◆ Supplied entries:
►

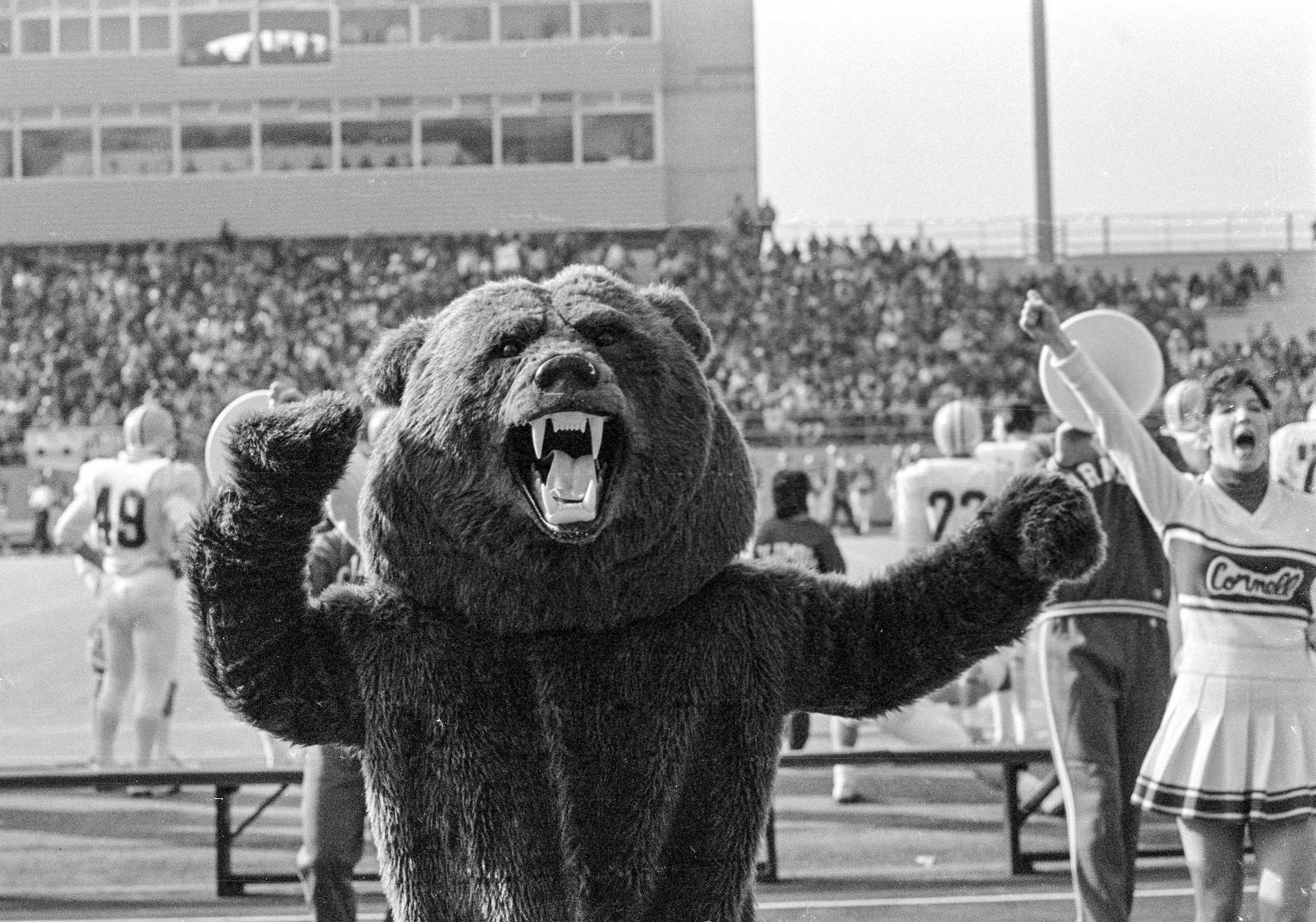 Cornell University Mascot at Homecoming 1987. Note the Schoellkopf West stands behind the mascot, demolished in 2016.
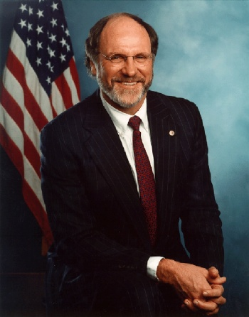 Jon Corzine, Governor and former Senator from New Jersey.
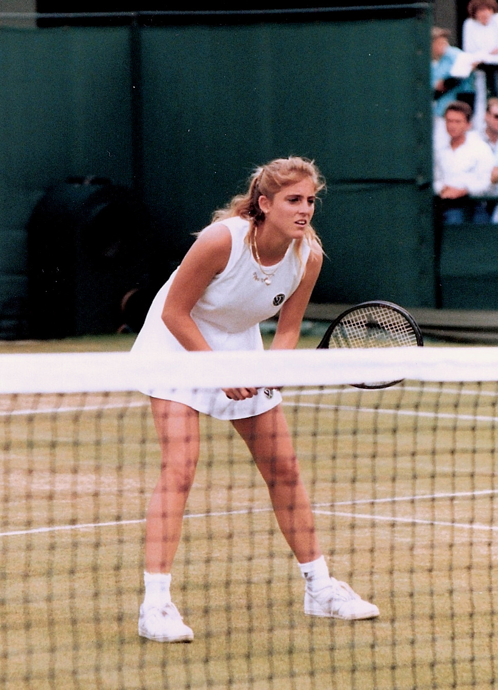 A photo of tennis player Carling Bassett-Seguso taken in 1987.
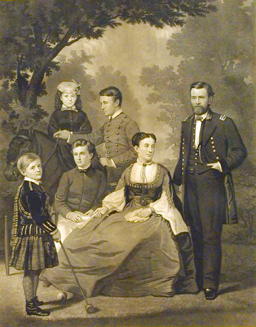 John Sartain, General Grant and his family
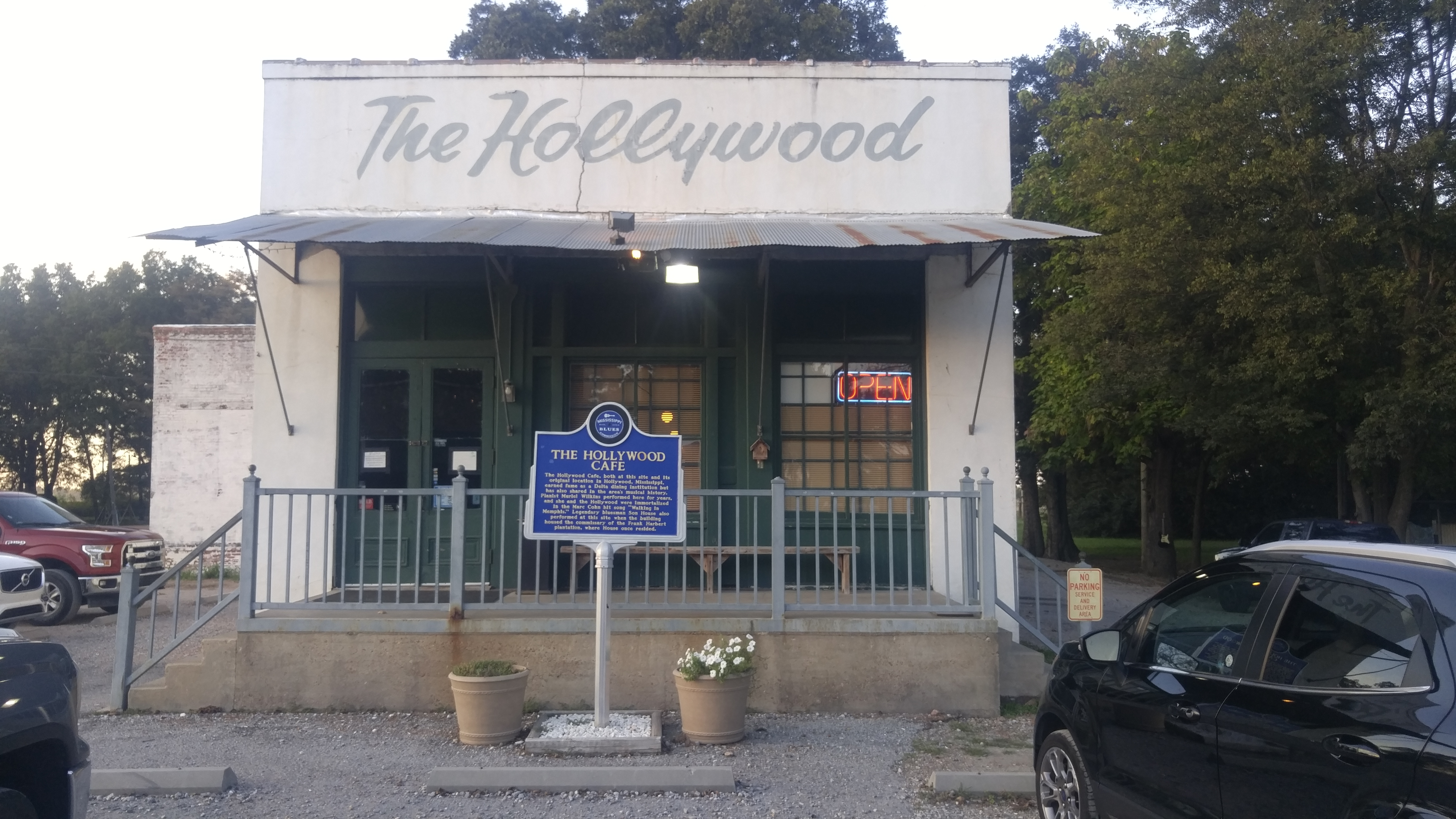 Mississippi Blues Trail marker located in downtown Robinsonville just off Old Highway 61

◄

◆ Problem to work on:
Exclude the images, then output the data above word for word.

◆ Answer:
 Cornell University Mascot at Homecoming 1987. Note the Schoellkopf West stands behind the mascot, demolished in 2016.
 Jon Corzine, Governor and former Senator from New Jersey.
 A photo of tennis player Carling Bassett-Seguso taken in 1987.
 John Sartain, General Grant and his family
 Mississippi Blues Trail marker located in downtown Robinsonville just off Old Highway 61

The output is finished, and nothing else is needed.